On Wed, Jul 23, 2025 at 08:56:01AM +0200, Philipp Stanner wrote:
> On Tue, 2025-07-22 at 01:45 -0700, Matthew Brost wrote:
> > On Tue, Jul 22, 2025 at 01:07:29AM -0700, Matthew Brost wrote:
> > > On Tue, Jul 22, 2025 at 09:37:11AM +0200, Philipp Stanner wrote:
> > > > On Mon, 2025-07-21 at 11:07 -0700, Matthew Brost wrote:
> > > > > On Mon, Jul 21, 2025 at 12:14:31PM +0200, Danilo Krummrich wrote:
> > > > > > On Mon Jul 21, 2025 at 10:16 AM CEST, Philipp Stanner wrote:
> > > > > > > On Mon, 2025-07-21 at 09:52 +0200, Philipp Stanner wrote:
> > > > > > > > On Sun, 2025-07-20 at 16:56 -0700, James Flowers wrote:
> > > > > > > > > diff --git a/drivers/gpu/drm/scheduler/sched_main.c b/drivers/gpu/drm/scheduler/sched_main.c
> > > > > > > > > index bfea608a7106..997a2cc1a635 100644
> > > > > > > > > --- a/drivers/gpu/drm/scheduler/sched_main.c
> > > > > > > > > +++ b/drivers/gpu/drm/scheduler/sched_main.c
> > > > > > > > > @@ -172,8 +172,10 @@ void drm_sched_rq_update_fifo_locked(struct drm_sched_entity *entity,
> > > > > > > > >  
> > > > > > > > >  	entity->oldest_job_waiting = ts;
> > > > > > > > >  
> > > > > > > > > -	rb_add_cached(&entity->rb_tree_node, &rq->rb_tree_root,
> > > > > > > > > -		      drm_sched_entity_compare_before);
> > > > > > > > > +	if (!entity->stopped) {
> > > > > > > > > +		rb_add_cached(&entity->rb_tree_node, &rq->rb_tree_root,
> > > > > > > > > +			      drm_sched_entity_compare_before);
> > > > > > > > > +	}
> > > > > > > > 
> > > > > > > > If this is a race, then this patch here is broken, too, because you're
> > > > > > > > checking the 'stopped' boolean as the callers of that function do, too
> > > > > > > > – just later. :O
> > > > > > > > 
> > > > > > > > Could still race, just less likely.
> > > > > > > > 
> > > > > > > > The proper way to fix it would then be to address the issue where the
> > > > > > > > locking is supposed to happen. Let's look at, for example,
> > > > > > > > drm_sched_entity_push_job():
> > > > > > > > 
> > > > > > > > 
> > > > > > > > void drm_sched_entity_push_job(struct drm_sched_job *sched_job)
> > > > > > > > {
> > > > > > > > 	(Bla bla bla)
> > > > > > > > 
> > > > > > > >  	…………
> > > > > > > > 
> > > > > > > > 	/* first job wakes up scheduler */
> > > > > > > > 	if (first) {
> > > > > > > > 		struct drm_gpu_scheduler *sched;
> > > > > > > > 		struct drm_sched_rq *rq;
> > > > > > > > 
> > > > > > > > 		/* Add the entity to the run queue */
> > > > > > > > 		spin_lock(&entity->lock);
> > > > > > > > 		if (entity->stopped) {                  <---- Aha!
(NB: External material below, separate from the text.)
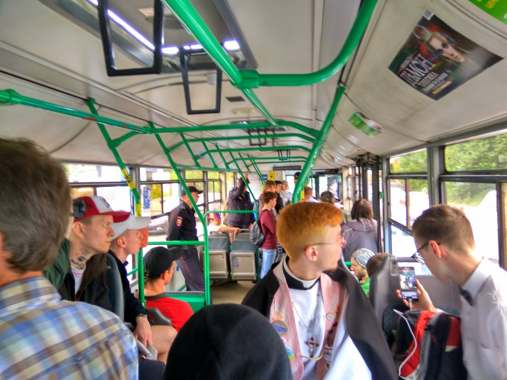 Где-то в 15 часов 13 июня нас вывели в автобус. Мы находились в автобусе долго время, сначала он стоял полтора часа, затем проехал к Невскому районному суду на улице Ольги Берггольц. Опять сотрудник Михаил собрал паспорта и отнес непосредственно судье. Автобус стоял так, что жаркое июньское солнце освещало половину мест и они нагревались. Задержанные собрали куртки и связали их вместо занавесок, которых не было. К автобусу подходил активист Лев Дмитриев, спросил, хотим ли мы еды, затем ушел и вернулся с двумя пакетами, полными печенья, фруктов, нарезанного батона и колбасы, водой. Сотрудники полиции передали передачку.

> > > > > > > > 			spin_unlock(&entity->lock);
> > > > > > > > 
> > > > > > > > 			DRM_ERROR("Trying to push to a killed entity\n");
> > > > > > > > 			return;
> > > > > > > > 		}
> > > > > > > > 
> > > > > > > > 		rq = entity->rq;
> > > > > > > > 		sched = rq->sched;
> > > > > > > > 
> > > > > > > > 		spin_lock(&rq->lock);
> > > > > > > > 		drm_sched_rq_add_entity(rq, entity);
> > > > > > > > 
> > > > > > > > 		if (drm_sched_policy == DRM_SCHED_POLICY_FIFO)
> > > > > > > > 			drm_sched_rq_update_fifo_locked(entity, rq, submit_ts); <---- bumm!
> > > > > > > > 
> > > > > > > > 		spin_unlock(&rq->lock);
> > > > > > > > 		spin_unlock(&entity->lock);
> > > > > > > > 
> > > > > > > > But the locks are still being hold. So that "shouldn't be happening"(tm).
> > > > > > > > 
> > > > > > > > Interesting. AFAICS only drm_sched_entity_kill() and drm_sched_fini()
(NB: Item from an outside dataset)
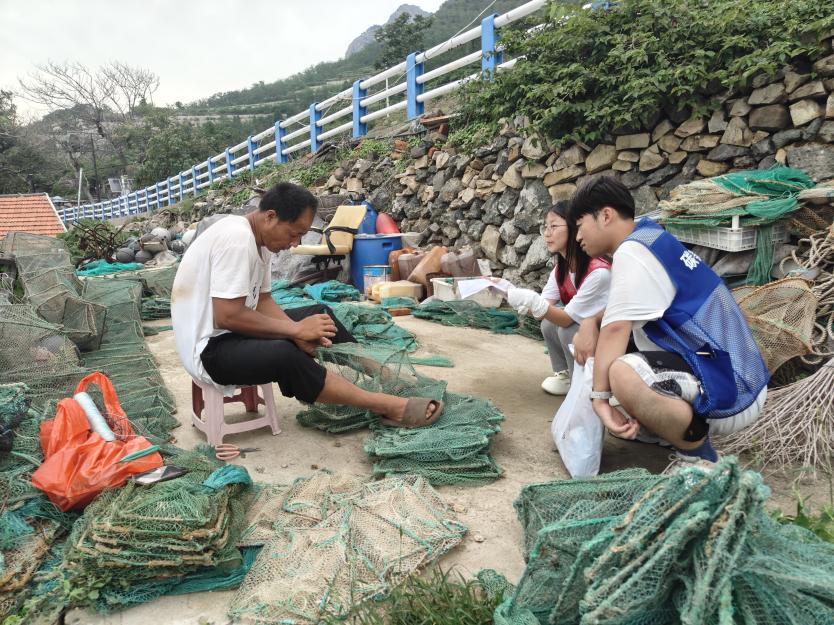 “碳净蓝岛”实践队对岛上渔民进行访谈 贾雨晴摄
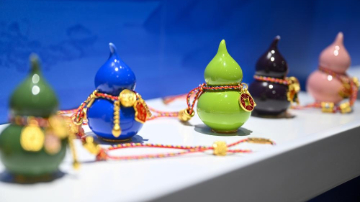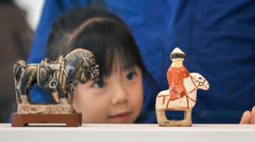 2月10日,参观者在一个三彩马展品前驻足观看。

> > > > > > > > stop entities. The former holds appropriate locks, but drm_sched_fini()
> > > > > > > > doesn't. So that looks like a hot candidate to me. Opinions?
> > > > > > > > 
> > > > > > > > On the other hand, aren't drivers prohibited from calling
> > > > > > > > drm_sched_entity_push_job() after calling drm_sched_fini()? If the
> > > > > > > > fuzzer does that, then it's not the scheduler's fault.
> > > > > > 
> > > > > > Exactly, this is the first question to ask.
> > > > > > 
> > > > > > And I think it's even more restrictive:
> > > > > > 
> > > > > > In drm_sched_fini()
> > > > > > 
> > > > > > 	for (i = DRM_SCHED_PRIORITY_KERNEL; i < sched->num_rqs; i++) {
> > > > > > 		struct drm_sched_rq *rq = sched->sched_rq[i];
> > > > > > 
> > > > > > 		spin_lock(&rq->lock);
> > > > > > 		list_for_each_entry(s_entity, &rq->entities, list)
> > > > > > 			/*
> > > > > > 			 * Prevents reinsertion and marks job_queue as idle,
> > > > > > 			 * it will be removed from the rq in drm_sched_entity_fini()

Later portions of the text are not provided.